Shown below is a listing with pictures; reproduce exactly, and only, the lines between the ones containing "2019年7月7日7点,有1" and "Crafted with passion", inclusive, leaving the pictures out.
*** Opening of DATA EXCERPTS ***
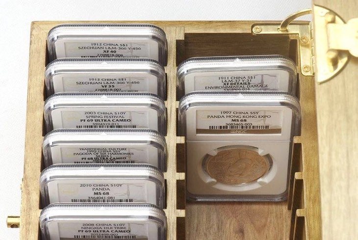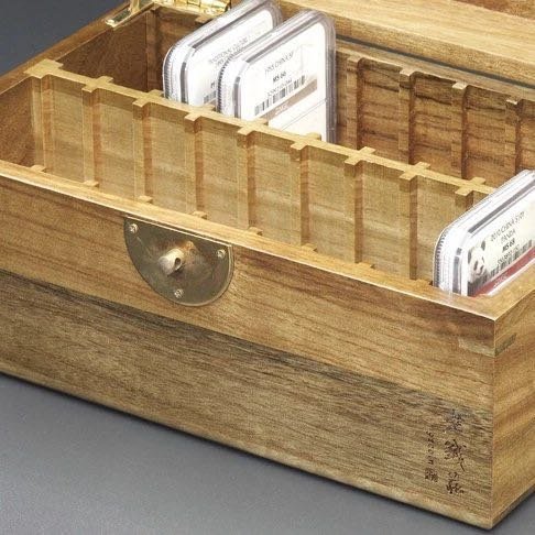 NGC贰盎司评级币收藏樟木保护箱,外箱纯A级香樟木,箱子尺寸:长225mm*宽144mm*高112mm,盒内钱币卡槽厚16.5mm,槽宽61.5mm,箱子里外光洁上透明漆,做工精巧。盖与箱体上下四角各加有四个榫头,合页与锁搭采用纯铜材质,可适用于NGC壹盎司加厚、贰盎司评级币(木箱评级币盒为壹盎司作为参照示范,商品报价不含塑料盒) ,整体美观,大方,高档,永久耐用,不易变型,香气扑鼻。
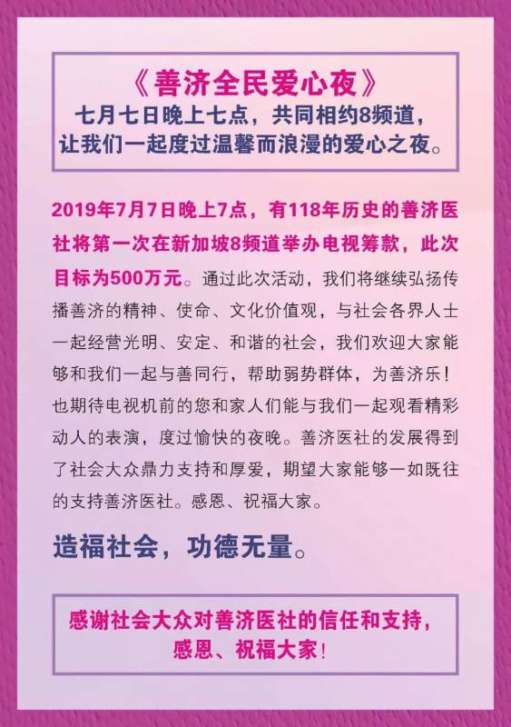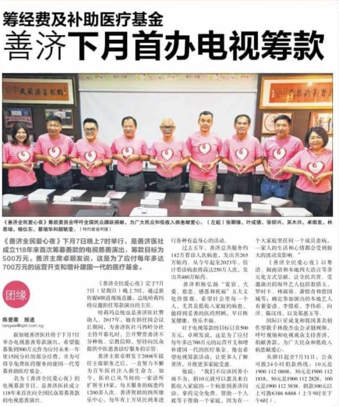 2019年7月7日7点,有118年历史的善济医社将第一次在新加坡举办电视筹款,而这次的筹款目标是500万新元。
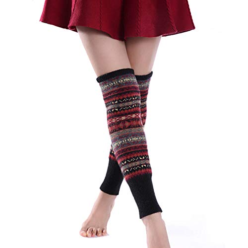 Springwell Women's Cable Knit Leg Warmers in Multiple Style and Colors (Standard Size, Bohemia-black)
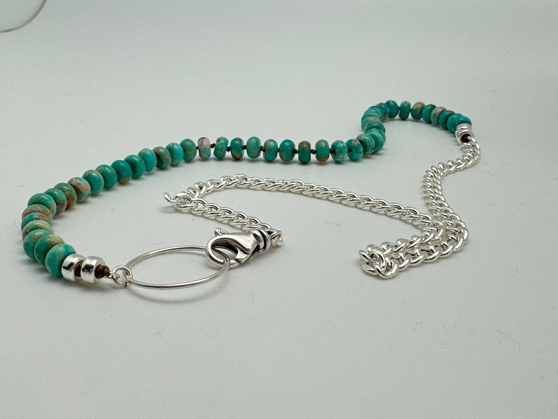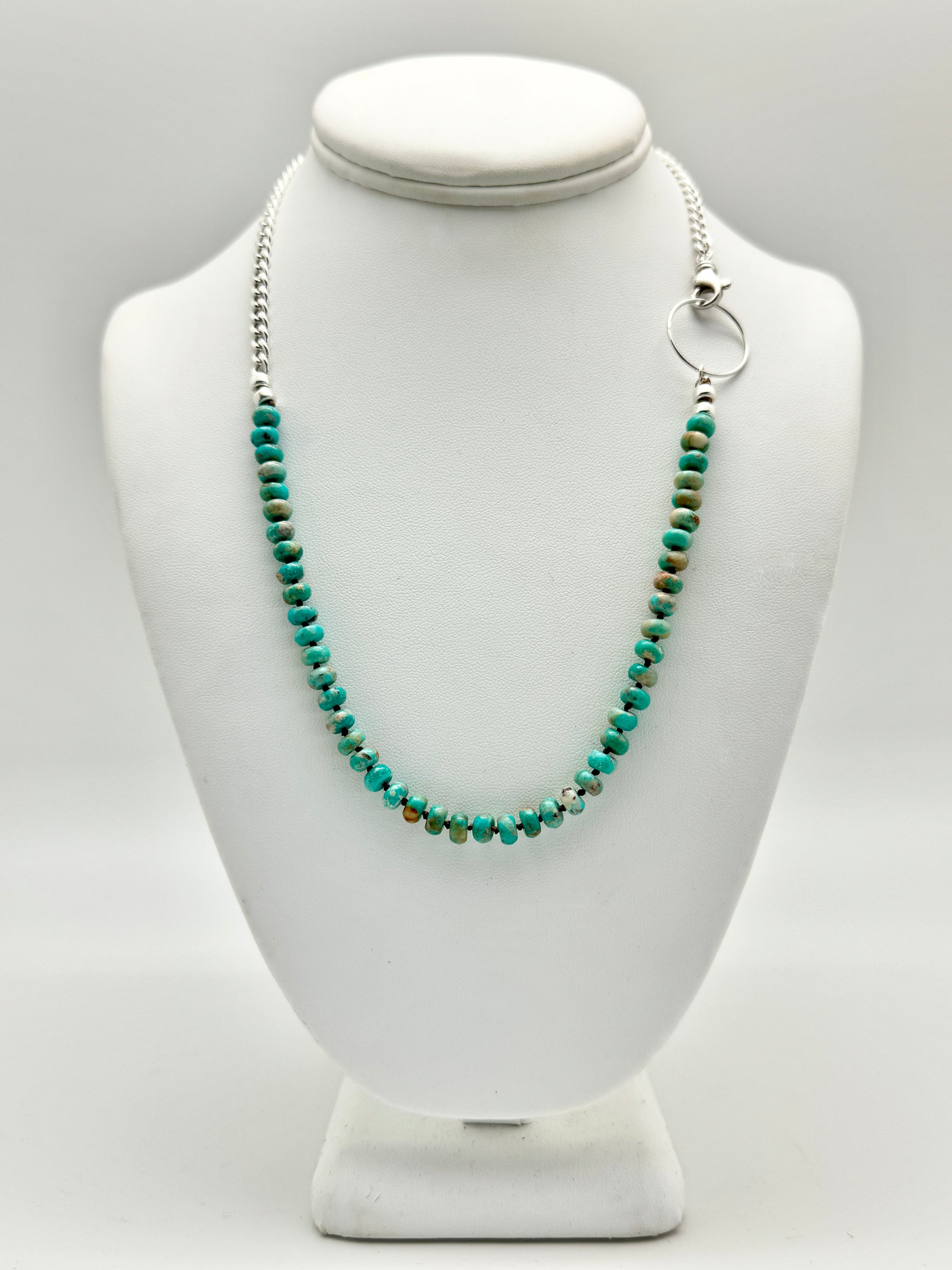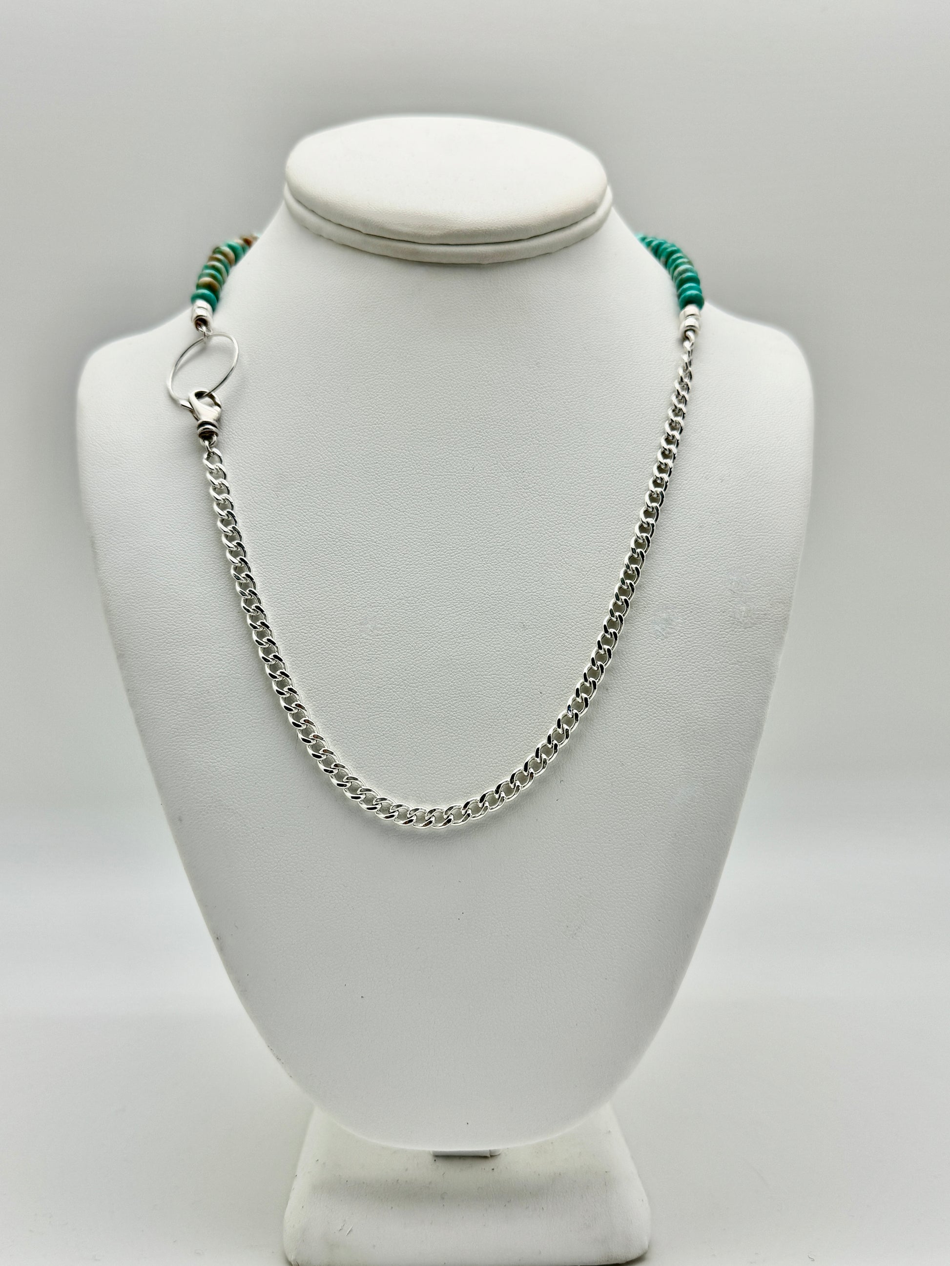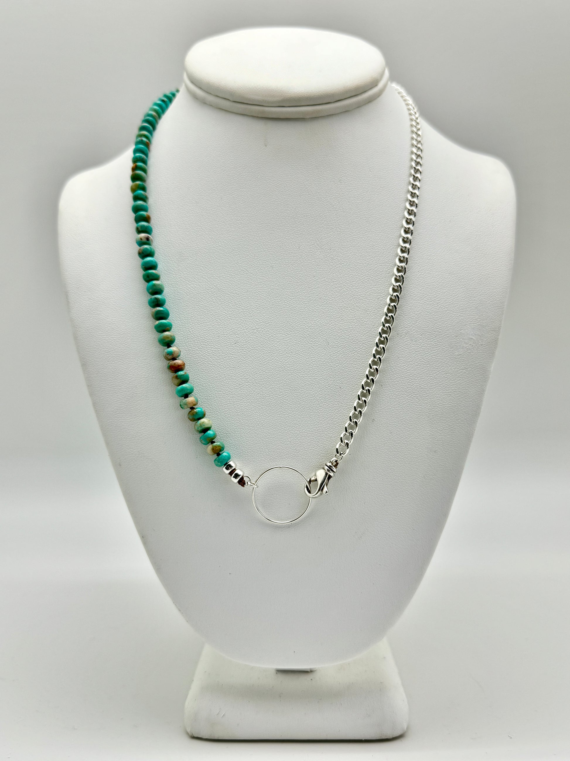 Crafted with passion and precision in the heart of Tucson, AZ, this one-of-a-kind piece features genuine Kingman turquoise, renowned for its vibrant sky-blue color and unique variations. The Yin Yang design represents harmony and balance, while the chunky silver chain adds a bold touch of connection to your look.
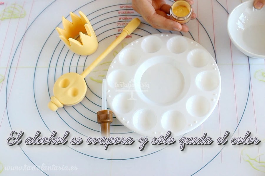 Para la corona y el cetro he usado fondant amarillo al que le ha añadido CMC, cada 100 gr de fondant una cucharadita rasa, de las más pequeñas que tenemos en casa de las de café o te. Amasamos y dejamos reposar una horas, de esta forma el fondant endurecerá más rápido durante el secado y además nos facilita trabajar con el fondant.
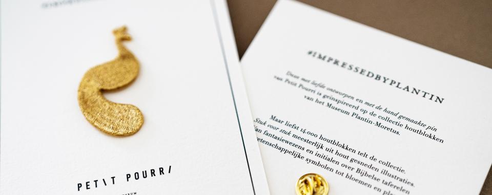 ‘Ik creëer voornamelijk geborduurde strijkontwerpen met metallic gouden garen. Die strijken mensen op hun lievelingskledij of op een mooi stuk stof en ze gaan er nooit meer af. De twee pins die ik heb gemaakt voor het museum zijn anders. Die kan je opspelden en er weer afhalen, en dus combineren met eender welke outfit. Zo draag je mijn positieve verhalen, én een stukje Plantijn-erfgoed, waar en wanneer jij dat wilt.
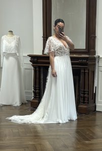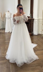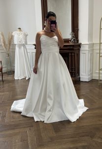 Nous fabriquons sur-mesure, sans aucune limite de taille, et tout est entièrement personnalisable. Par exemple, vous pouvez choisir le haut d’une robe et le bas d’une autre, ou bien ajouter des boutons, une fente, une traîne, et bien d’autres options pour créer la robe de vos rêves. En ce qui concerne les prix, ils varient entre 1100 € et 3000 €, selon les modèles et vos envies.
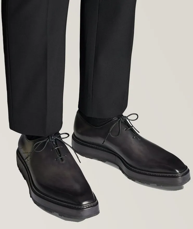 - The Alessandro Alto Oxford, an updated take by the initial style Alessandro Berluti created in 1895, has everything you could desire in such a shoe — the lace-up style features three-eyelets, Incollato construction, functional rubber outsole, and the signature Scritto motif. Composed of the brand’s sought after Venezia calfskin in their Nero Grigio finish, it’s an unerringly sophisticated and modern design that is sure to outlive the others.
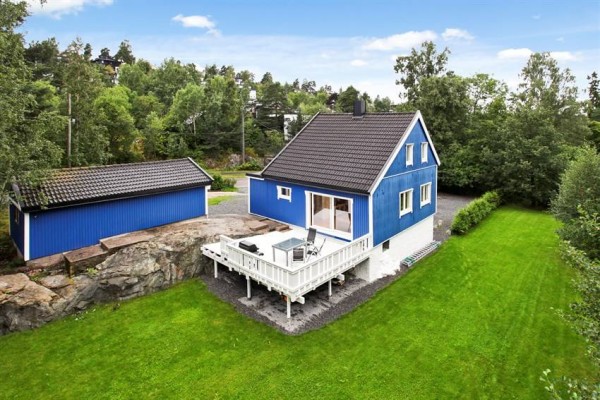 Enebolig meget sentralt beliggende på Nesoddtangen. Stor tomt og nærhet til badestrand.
*** Close of DATA EXCERPTS ***
__TASK RESULT__.
 2019年7月7日7点,有118年历史的善济医社将第一次在新加坡举办电视筹款,而这次的筹款目标是500万新元。
 Springwell Women's Cable Knit Leg Warmers in Multiple Style and Colors (Standard Size, Bohemia-black)
 Crafted with passion and precision in the heart of Tucson, AZ, this one-of-a-kind piece features genuine Kingman turquoise, renowned for its vibrant sky-blue color and unique variations. The Yin Yang design represents harmony and balance, while the chunky silver chain adds a bold touch of connection to your look.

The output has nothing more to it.